Dimensions of (fully grown) organs and their associations with other plant properties were explored and quantified. In a wheat canopy, probably no two individual leaves are exactly similar. However, when modelling, particularly when dealing with individual phytomers in 3D, it is important to simplify the representation of the system to such a degree that it can be parameterized while still simulating the essential features of the system in the real world. Therefore it is important to recognize similarity rather than differences between properties, and to seek for conservative associations between the properties of successively appearing phytomers. Properties of phytomer components, such as final leaf length, commonly show a characteristic pattern of change with phytomer number (Bos & Neuteboom, 1998a; Fournier & Andrieu, 2000a; Lafarge et al., 2002), i.e. the properties of element n + 1 are conservatively associated with the properties of element n.
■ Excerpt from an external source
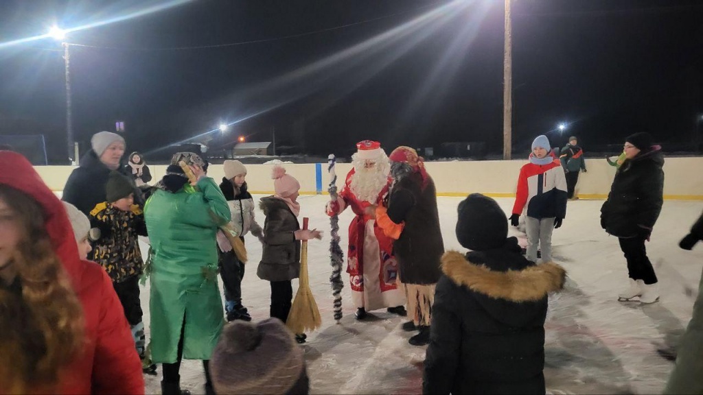 Для детей были организованы весёлые игры под руководством Бабы-Яги и Кикиморы. Ребята читали стихи Деду Морозу, а взамен получали сладости.

L-systems (Lindenmayer, 1968; Prusinkiewicz, 1999) provide a basically modular approach to modelling, enabling plants and canopies to be described as a collection of modules. In a functional–structural approach, l-systems embed physiology, or are combined with physiological or process-based growth models (Hanan & Hearn, 2003), or exchange data with environmental models. In the current work the wheat architecture is programmed in the plant-modelling language CPFG within the l-studio shell (Prusinkiewicz et al., 2000); the original ADEL-wheat was programmed in graphtal (Streit, 1992). Light absorption per individual leaf element of the 3D structure (beyond the subject of this paper) can be achieved by interfacing the l-system with the nested radiosity model (Chelle & Andrieu, 1998).
The current paper presents the concept of modelling the 3D representation of cereal development, which is independent of the programming environment used.